Exercise directions: Go to the line containing "ZENDAN_MINAB_F_Z1 (Length: 183" in the records below and print it and every following line exactly, on through the line containing "무게〮부피〮건수〮개수를 고려한 균등한", then stop.
═════ Data for analysis ═════
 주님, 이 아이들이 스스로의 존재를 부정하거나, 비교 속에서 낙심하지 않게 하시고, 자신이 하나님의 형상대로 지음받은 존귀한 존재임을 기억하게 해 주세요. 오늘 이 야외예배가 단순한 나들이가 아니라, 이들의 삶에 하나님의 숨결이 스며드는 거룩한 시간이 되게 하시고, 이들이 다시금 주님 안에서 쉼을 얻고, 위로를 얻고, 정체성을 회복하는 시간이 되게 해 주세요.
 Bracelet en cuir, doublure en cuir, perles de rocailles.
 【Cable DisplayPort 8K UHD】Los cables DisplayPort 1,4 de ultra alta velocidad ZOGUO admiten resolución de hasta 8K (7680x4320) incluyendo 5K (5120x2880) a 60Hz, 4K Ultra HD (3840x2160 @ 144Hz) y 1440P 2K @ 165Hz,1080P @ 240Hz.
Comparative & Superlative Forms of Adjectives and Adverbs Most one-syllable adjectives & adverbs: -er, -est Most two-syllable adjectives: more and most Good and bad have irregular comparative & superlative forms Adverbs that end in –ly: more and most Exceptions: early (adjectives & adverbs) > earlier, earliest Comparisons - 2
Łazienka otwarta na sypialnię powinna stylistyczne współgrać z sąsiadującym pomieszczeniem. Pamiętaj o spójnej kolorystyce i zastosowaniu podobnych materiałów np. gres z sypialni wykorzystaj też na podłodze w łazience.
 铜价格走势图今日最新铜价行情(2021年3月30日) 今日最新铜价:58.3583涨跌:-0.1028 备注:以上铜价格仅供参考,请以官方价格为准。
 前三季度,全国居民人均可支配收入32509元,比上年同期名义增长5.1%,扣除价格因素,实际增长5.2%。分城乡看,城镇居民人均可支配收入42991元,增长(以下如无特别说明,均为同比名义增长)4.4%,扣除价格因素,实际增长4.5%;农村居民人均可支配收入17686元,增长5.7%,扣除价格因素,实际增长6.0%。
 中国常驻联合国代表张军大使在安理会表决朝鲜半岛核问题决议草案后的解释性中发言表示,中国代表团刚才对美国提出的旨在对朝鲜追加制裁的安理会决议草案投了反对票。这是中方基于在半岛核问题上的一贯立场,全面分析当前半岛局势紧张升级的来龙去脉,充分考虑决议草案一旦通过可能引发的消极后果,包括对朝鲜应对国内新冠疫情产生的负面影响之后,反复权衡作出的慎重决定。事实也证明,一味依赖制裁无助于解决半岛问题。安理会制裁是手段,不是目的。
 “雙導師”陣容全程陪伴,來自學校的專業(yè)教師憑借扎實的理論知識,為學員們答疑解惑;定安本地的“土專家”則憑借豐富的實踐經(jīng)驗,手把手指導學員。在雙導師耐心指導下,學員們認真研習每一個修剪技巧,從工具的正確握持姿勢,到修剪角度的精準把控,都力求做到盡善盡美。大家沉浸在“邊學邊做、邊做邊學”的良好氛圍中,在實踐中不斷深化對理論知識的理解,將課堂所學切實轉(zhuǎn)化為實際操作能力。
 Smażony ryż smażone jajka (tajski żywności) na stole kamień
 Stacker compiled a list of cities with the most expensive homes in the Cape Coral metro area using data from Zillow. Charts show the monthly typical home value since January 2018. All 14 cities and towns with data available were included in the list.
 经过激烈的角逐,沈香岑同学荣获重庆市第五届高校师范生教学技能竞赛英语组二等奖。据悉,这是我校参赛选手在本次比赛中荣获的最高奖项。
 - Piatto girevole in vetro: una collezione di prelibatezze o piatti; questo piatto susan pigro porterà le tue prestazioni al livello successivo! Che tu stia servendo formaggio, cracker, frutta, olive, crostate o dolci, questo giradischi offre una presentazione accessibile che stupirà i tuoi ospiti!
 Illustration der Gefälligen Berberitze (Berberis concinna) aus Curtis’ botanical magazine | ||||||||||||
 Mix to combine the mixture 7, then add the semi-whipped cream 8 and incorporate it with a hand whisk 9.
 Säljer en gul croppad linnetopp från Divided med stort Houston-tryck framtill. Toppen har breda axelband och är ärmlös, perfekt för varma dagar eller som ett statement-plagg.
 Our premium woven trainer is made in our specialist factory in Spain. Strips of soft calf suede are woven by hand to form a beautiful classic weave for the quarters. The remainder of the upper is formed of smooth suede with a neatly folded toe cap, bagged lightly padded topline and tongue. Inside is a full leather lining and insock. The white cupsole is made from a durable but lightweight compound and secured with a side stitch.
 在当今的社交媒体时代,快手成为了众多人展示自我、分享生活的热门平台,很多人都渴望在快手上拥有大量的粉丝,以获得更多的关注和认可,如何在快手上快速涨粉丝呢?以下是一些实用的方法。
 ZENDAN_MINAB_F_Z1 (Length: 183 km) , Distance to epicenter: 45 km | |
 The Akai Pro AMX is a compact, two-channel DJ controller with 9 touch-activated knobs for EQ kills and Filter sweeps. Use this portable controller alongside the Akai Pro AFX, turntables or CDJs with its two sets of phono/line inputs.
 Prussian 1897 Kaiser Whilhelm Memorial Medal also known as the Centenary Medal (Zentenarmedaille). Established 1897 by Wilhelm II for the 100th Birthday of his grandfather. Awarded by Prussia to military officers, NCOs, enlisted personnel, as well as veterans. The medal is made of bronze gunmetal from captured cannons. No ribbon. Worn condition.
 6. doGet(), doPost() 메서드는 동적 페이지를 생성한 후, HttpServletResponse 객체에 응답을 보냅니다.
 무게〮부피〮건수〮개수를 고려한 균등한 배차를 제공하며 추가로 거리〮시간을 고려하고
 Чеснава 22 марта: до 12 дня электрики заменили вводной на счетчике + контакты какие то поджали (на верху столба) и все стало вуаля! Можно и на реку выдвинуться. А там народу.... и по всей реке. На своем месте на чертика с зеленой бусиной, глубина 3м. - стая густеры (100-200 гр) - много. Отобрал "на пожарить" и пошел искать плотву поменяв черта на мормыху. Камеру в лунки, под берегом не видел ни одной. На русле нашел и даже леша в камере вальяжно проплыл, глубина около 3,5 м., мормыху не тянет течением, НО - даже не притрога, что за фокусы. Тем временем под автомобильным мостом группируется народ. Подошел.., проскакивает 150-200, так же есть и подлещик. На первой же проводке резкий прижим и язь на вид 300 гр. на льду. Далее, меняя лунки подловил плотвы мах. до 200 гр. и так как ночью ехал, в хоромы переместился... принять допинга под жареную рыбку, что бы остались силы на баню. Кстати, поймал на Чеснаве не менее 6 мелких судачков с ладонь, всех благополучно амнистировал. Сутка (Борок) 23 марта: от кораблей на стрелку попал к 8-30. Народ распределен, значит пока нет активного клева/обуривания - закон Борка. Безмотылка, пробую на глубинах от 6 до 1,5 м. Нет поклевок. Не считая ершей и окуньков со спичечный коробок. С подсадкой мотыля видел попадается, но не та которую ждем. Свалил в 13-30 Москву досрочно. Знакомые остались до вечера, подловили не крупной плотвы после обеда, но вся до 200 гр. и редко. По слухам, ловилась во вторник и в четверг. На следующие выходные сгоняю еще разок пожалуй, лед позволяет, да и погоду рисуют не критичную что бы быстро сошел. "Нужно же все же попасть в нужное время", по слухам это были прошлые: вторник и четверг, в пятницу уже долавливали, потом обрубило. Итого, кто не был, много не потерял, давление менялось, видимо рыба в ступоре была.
═════
Task result:
 ZENDAN_MINAB_F_Z1 (Length: 183 km) , Distance to epicenter: 45 km | |
 The Akai Pro AMX is a compact, two-channel DJ controller with 9 touch-activated knobs for EQ kills and Filter sweeps. Use this portable controller alongside the Akai Pro AFX, turntables or CDJs with its two sets of phono/line inputs.
 Prussian 1897 Kaiser Whilhelm Memorial Medal also known as the Centenary Medal (Zentenarmedaille). Established 1897 by Wilhelm II for the 100th Birthday of his grandfather. Awarded by Prussia to military officers, NCOs, enlisted personnel, as well as veterans. The medal is made of bronze gunmetal from captured cannons. No ribbon. Worn condition.
 6. doGet(), doPost() 메서드는 동적 페이지를 생성한 후, HttpServletResponse 객체에 응답을 보냅니다.
 무게〮부피〮건수〮개수를 고려한 균등한 배차를 제공하며 추가로 거리〮시간을 고려하고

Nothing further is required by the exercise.